Here are a couple more things that have helped my speed, hope it helps someone else.

I was practicing f2l look ahead, slowing down and really watching how many moves I was wasting by not knowing where my pieces were.

I practiced identifying the pieces' location, seeing where they needed to go, and the most efficient execution.

Much of the intuitive was fine, but I gathered up several algs to take care of the difficult cases.

Once I was comfortable with them, I started practicing quick pair and insert. I would pause, see the pair, imagine the what needed to be done, then quickly do it, and pause and repeat.
I then started doing this with my eyes shut.

Then I proceeded to make my look ahead better. I located the pieces, then slowly paired and inserted while finding my next pair, by then my first pair was inserted.

I did this for a while, then went back to the the first one of pausing and fast insert.

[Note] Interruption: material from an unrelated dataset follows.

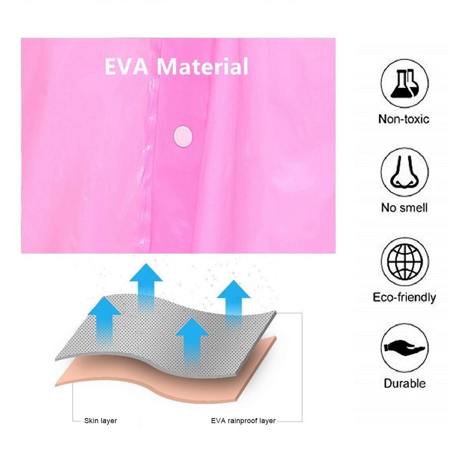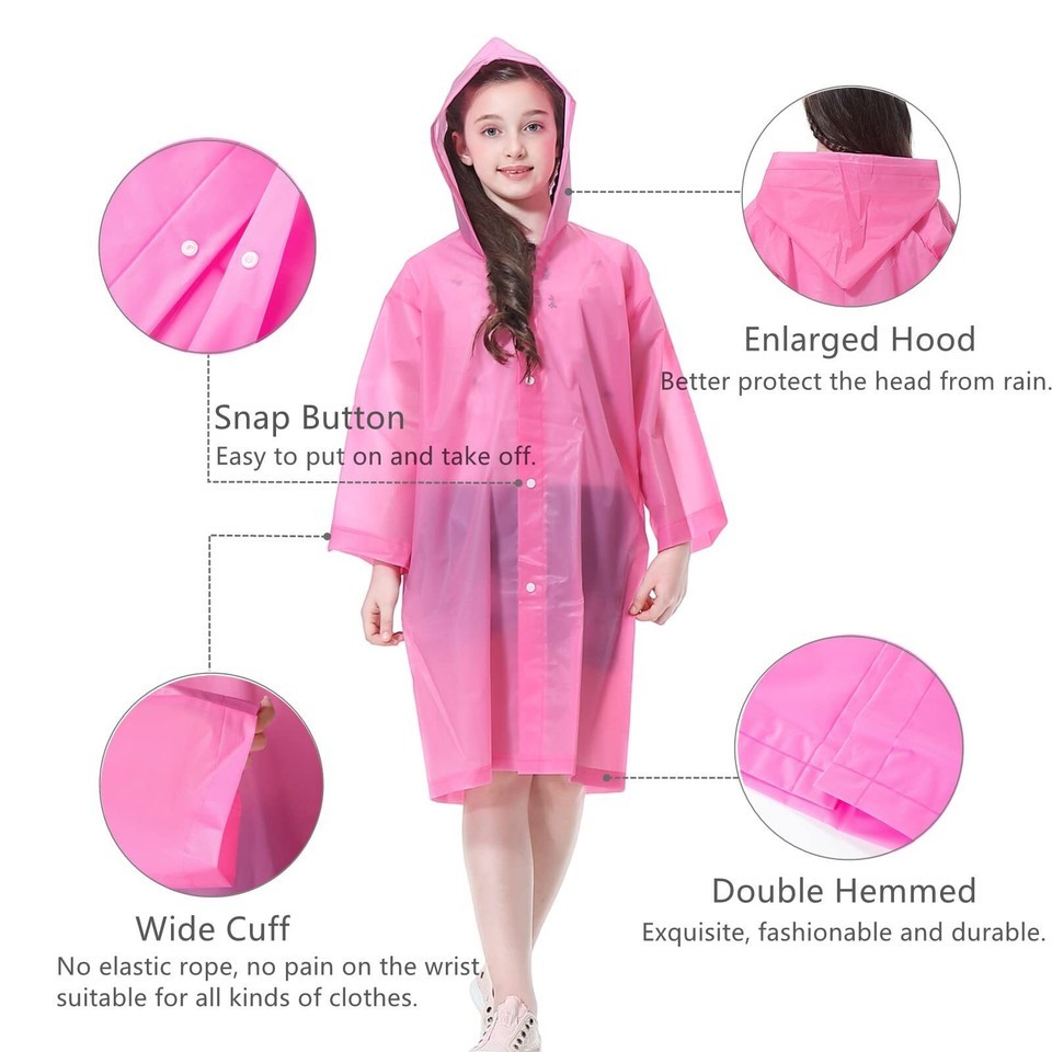 It is inconvient for children to carry an umbrella, the best way is preparing an emergency raincoat for them. The rain ponchos are lightweight, portable, reusable and cheap, don't worry to demage it, it is not only waterproof and windproof but also a fashional coat. It is very practical, the kids can wear it to go to school, play in the snow, perfect for disney world trip, school trip, theme park, camping, fishing, hiking and other outsoor activities. So why wait another second? Just take one for your kids! Why choose our rain coats? High Quality Material Made of high grade EVA material, environment-friendly, non-toxic, no smell, thick but lightweight, durable, tear resistant, comfortable, reusable and portable. Exquisite Design Drawstring hood reinforces waterproof around head and neck. Long rain jacket with long sleeves. Double layers hemmed wide cuffs and hem, well-made and fashionable. The snap button design are secure, handy and convenient to put on and off. One Size Fits Most Length of raincoat: 43.3 in Lenght of sleeves: 26.2 in Chest: 43.2 in Fits for 90150cm/2'11''4'11' boys and girls. Specifications: Material: EVA Thickness: 0.15mm Package Size: 7.87x5.9x0.67 in Weight: 95g/3.35 oz Season: Spring, Summer, Fall, Winter Suitable for: Teen boys, girls, youth, toddlers Package includes: 2 x Kids Rain Ponchos

Pretty soon both practices came together. For me this worked better than consciously building up look ahead from slow to fast.

I still do both in practice because they tell me things I need to work on.

This can be done with the cross and last layer.

Now one thing that got my cross better, and it's still not what I want it to be, but way better than before.

I solve the pieces wherever they are relative to each other, then fix it.
I try to identify 2 opposite cross pieces first, and see which two will insert the quickest, then I find one of the offset pieces, and see when it goes in relation to the other first two. I imagine the moves first to get a grasp on those 3.

Next I determine if the last piece is in a good position to insert relative to the others. Sometimes it is when it will go in before I fix the cross, sometimes it goes in after the d turn fixes the cross. Sometimes it's a pickup insert halfway around.

A lot of turns involve pushing other pieces where they need to be and starting from the right position. What could be an awkward F or B turn will work better as an R or L turn(with their respective primes)

This is all planned out then quickly executed

There's a lot of variation with this and it used to frustrate me but now it's very challenging and fun to find the best and most efficient solution to the cross.

I'm starting to rocognize more LL cases that are similar looking with just one look instead of two. This just takes forcing myself to remember clues.

My next major project is to work on my f2l to first pair and x cross when available. I currently transition ok from cross to f2l but it could be plamned out better. I do not currently have it located and planned out, even when I see it I usually lose it and find something else along the way.

Better finger tricks are always an improvement for everything.

I hope this helps someone. I take no credit for any of this, I watched a lot of YouTube videos of Jperm, Caeleb Miller, and a few with Brody the cuber, along with advice I found on this site.


----------